So you think I have forgotten that late night,
a long time ago in that scummy place.
On your office couch reading scripts,
While you sat there licking your lips,
I was only 16 years old and scared.
I was lost even though I was prepared,
Like a deer in the headlights I sat so still,
While you pretended that I was perfect.
For the movie with that Napoleon idiot,
short guy with millions, a home in Malibu.
What a miserable little freaky misfit.
I knew that it was too late to meet you,
But I went anyway like all the girls do.
Even though you were old and full of shit,
I was determined to play and outsmart you.
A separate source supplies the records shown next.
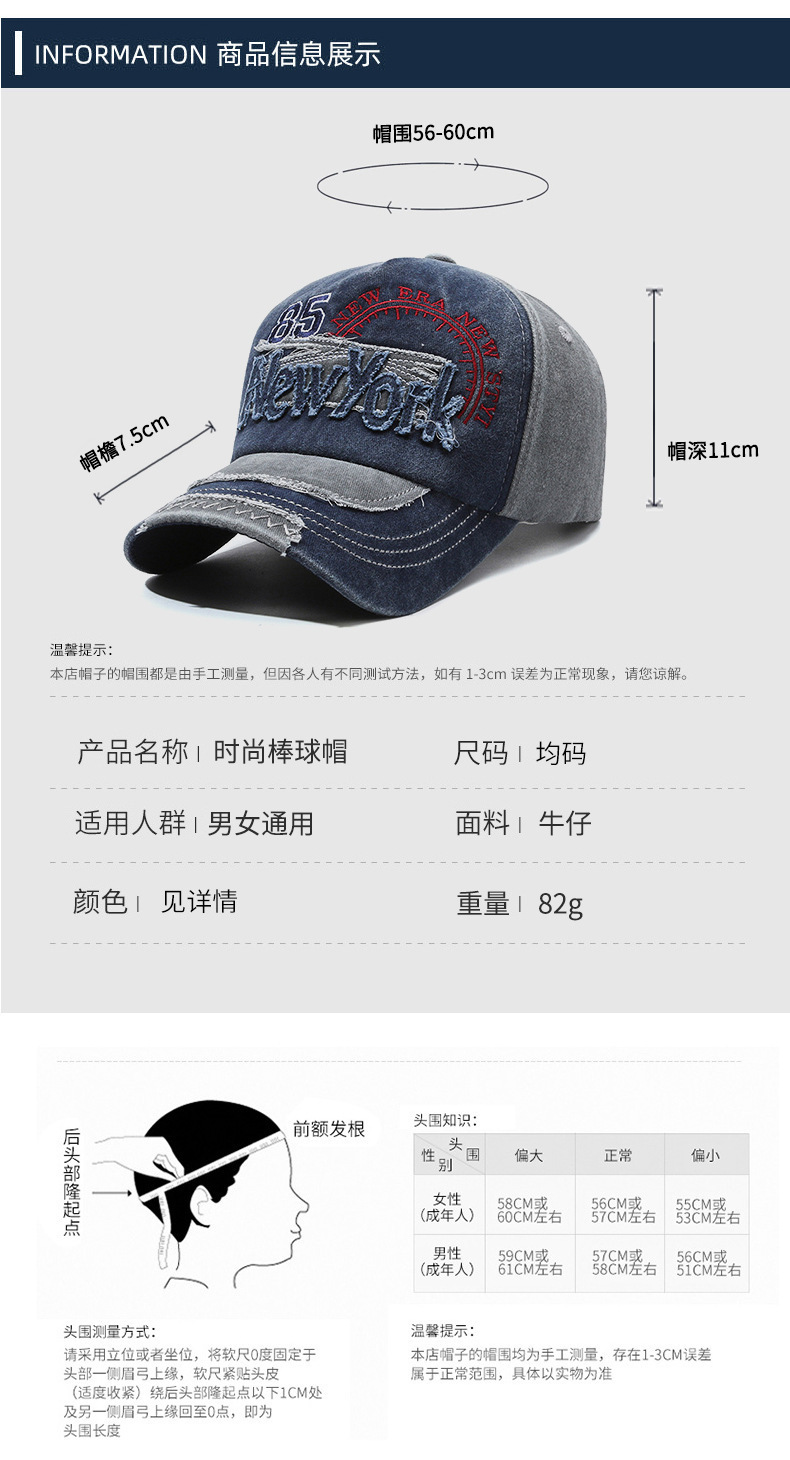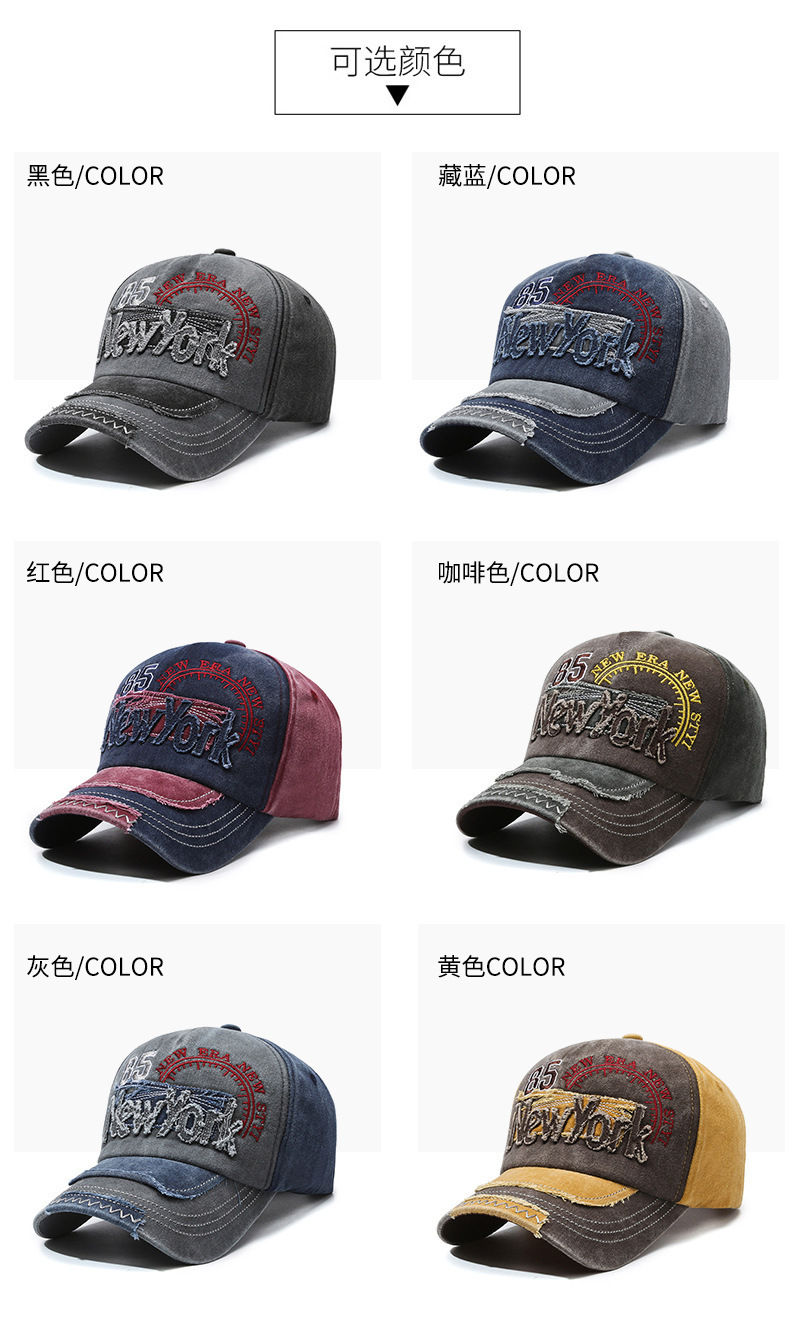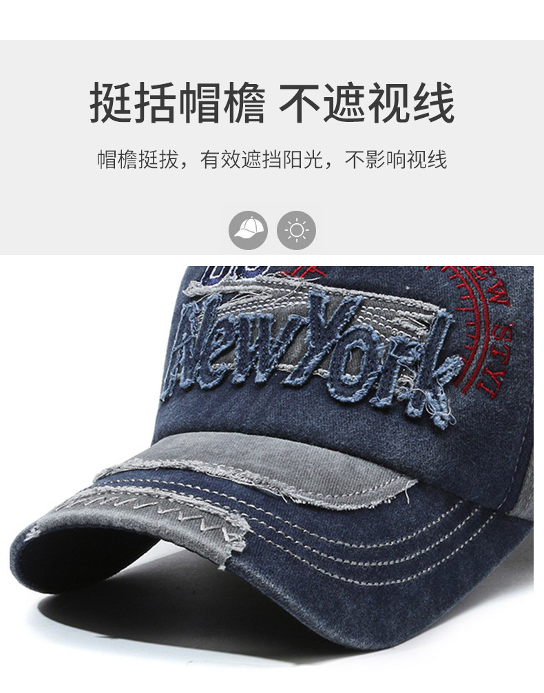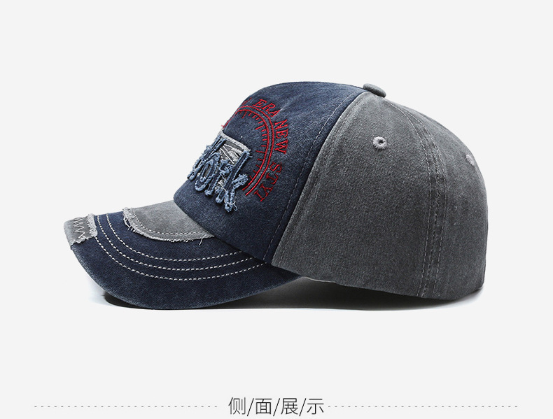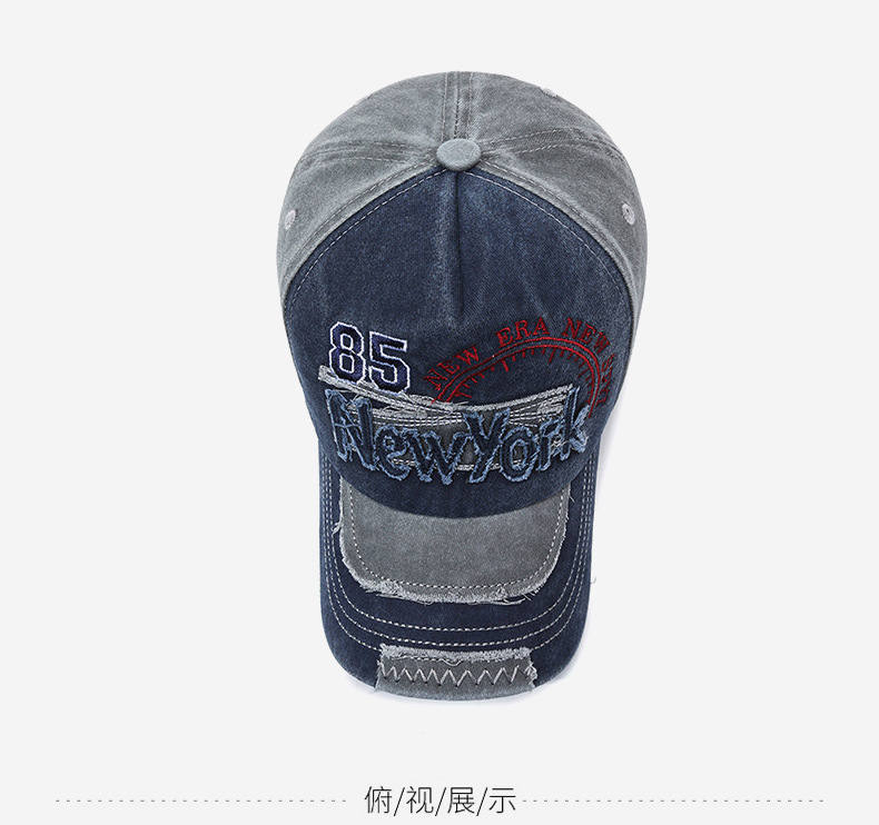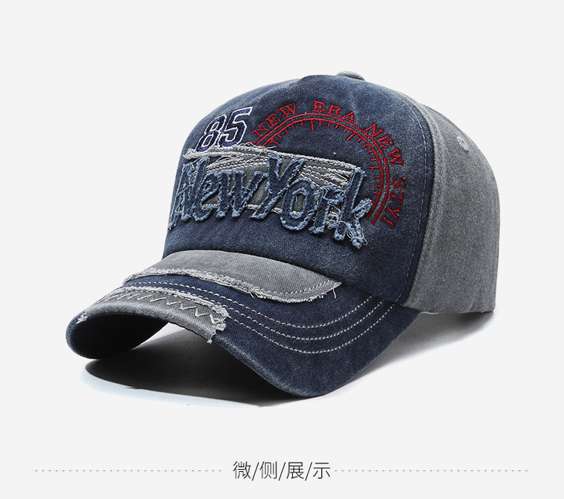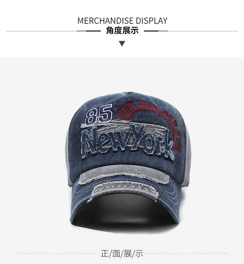 여성을위한 크로스 보더 유럽과 미국의 워시 올드 야구 모자 자수 문자 뉴욕 레트로 데님 패치 피크 캡
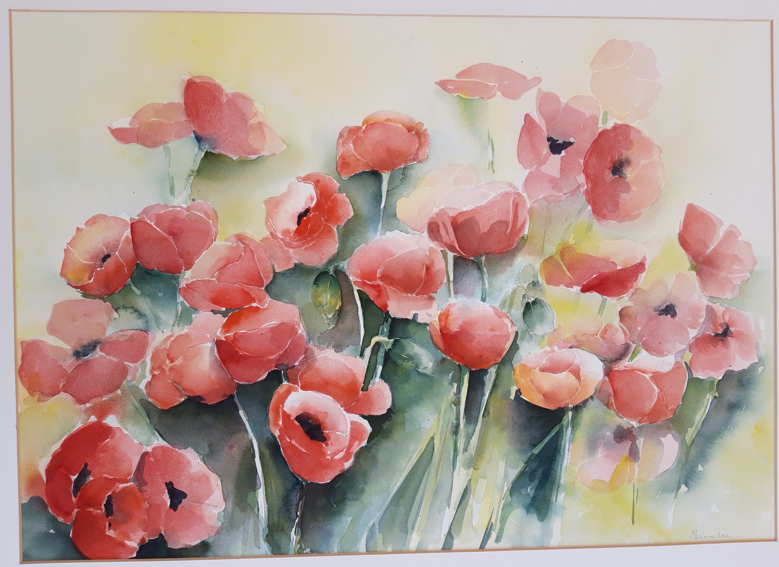 Aquarel 'Papavers' van Hannelore Noordeloos
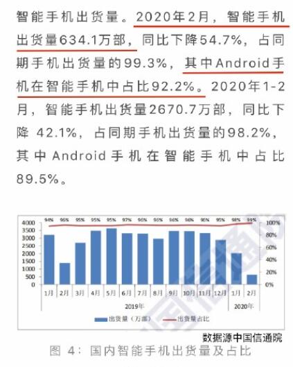 中国信通院的数据显示,2020年2月,国内手机市场总体出货量638.4万部,同比下降56.0%。
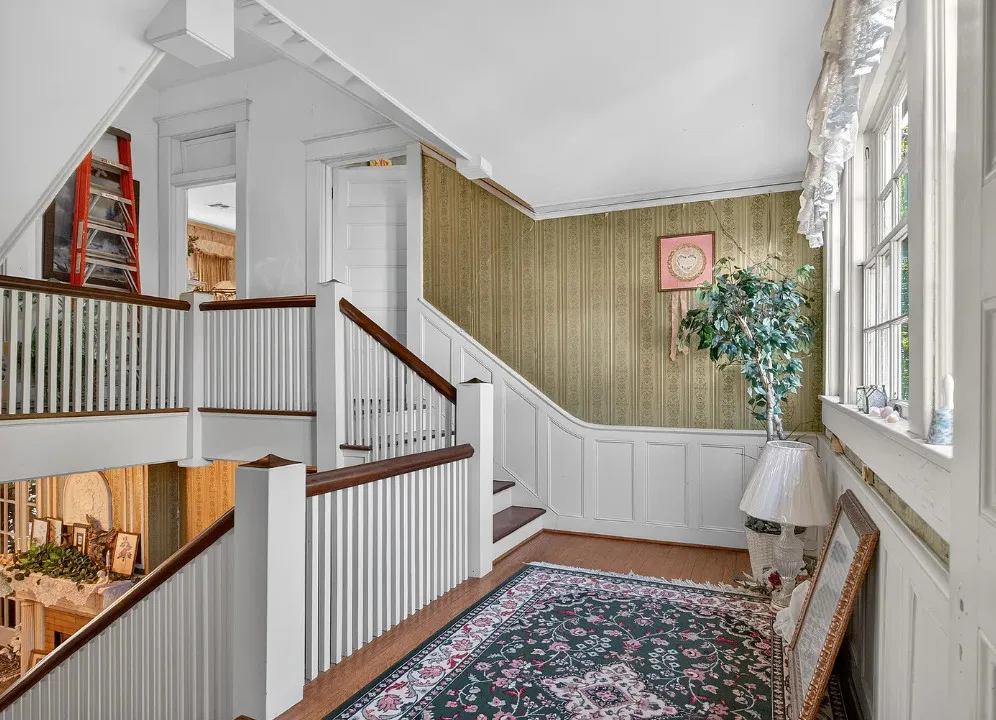This is a grand looking exterior! There are pretty details inside! The house was built in 1895. It is located in Shreveport, Louisiana. The house features a covered front porch, wood floors, grand staircase, crown moulding, pocket doors, wide baseboards, wainscoting, vintage light fixtures, picture rails and an attic for storage. Four bedrooms, three bathrooms and 3,723 square feet. $245,000
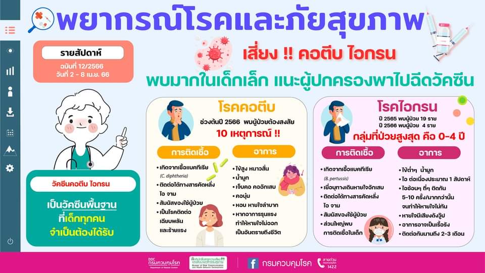 “จากการเฝ้าระวังของกรมควบคุมโรค สถานการณ์โรคที่ป้องกันได้ด้วยวัคซีน พบว่า สถานการณ์โรคไอกรน ในปี 2565 ที่ผ่านมา พบผู้ป่วย 19 ราย กลุ่มที่มีอัตราป่วยสูงสุด ได้แก่ 0-4 ปี รองลงมาคือ 45-54 ปี และ 25-34 ปี ตามลำดับ และในช่วงต้นปี 2566 พบผู้ป่วยแล้ว 4 ราย กลุ่มที่มีอัตราป่วยสูงสุด ได้แก่ 0-4 ปี รองลงมาคือ 7-9 ปี และ >65 ปี สำหรับสถานการณ์โรคคอตีบ ในช่วงปี 2564 – 2566 แม้จะยังไม่มีรายงานผู้ป่วยยืนยันตามระบบเฝ้าระวังทางระบาดวิทยา แต่จากการตรวจสอบข่าวการเฝ้าระวังเหตุการณ์ในช่วงต้นปี 2566 นี้ พบผู้ป่วยที่เข้าเกณฑ์รายงานสงสัยโรคคอตีบแล้ว 10 เหตุการณ์”

So I sat there and read all of my lines,
like a tangled puppet with lipstick on.
Tight clothes and in my prime,
I turned you on but I was paralyzed,
By a desperate ego and my need for the prize.
Praying that you would sort of be nice,
But when you weren’t I didn’t think twice.
I let down my long hair and blew out a sigh,
I gave you that look straight in your eyes,
I knew that this could never be paradise.
You would never ever see me twice.
So I stood up with my pissed off starlet pose,
High heels, tight skirt and sheer black panty hose.
I said words that you never wanted to hear,
You never had me or even punctured my soul.
Nothing you had could make me part of your show.
Fucking you would be like killing a baby deer,
You can dream of it until your final years.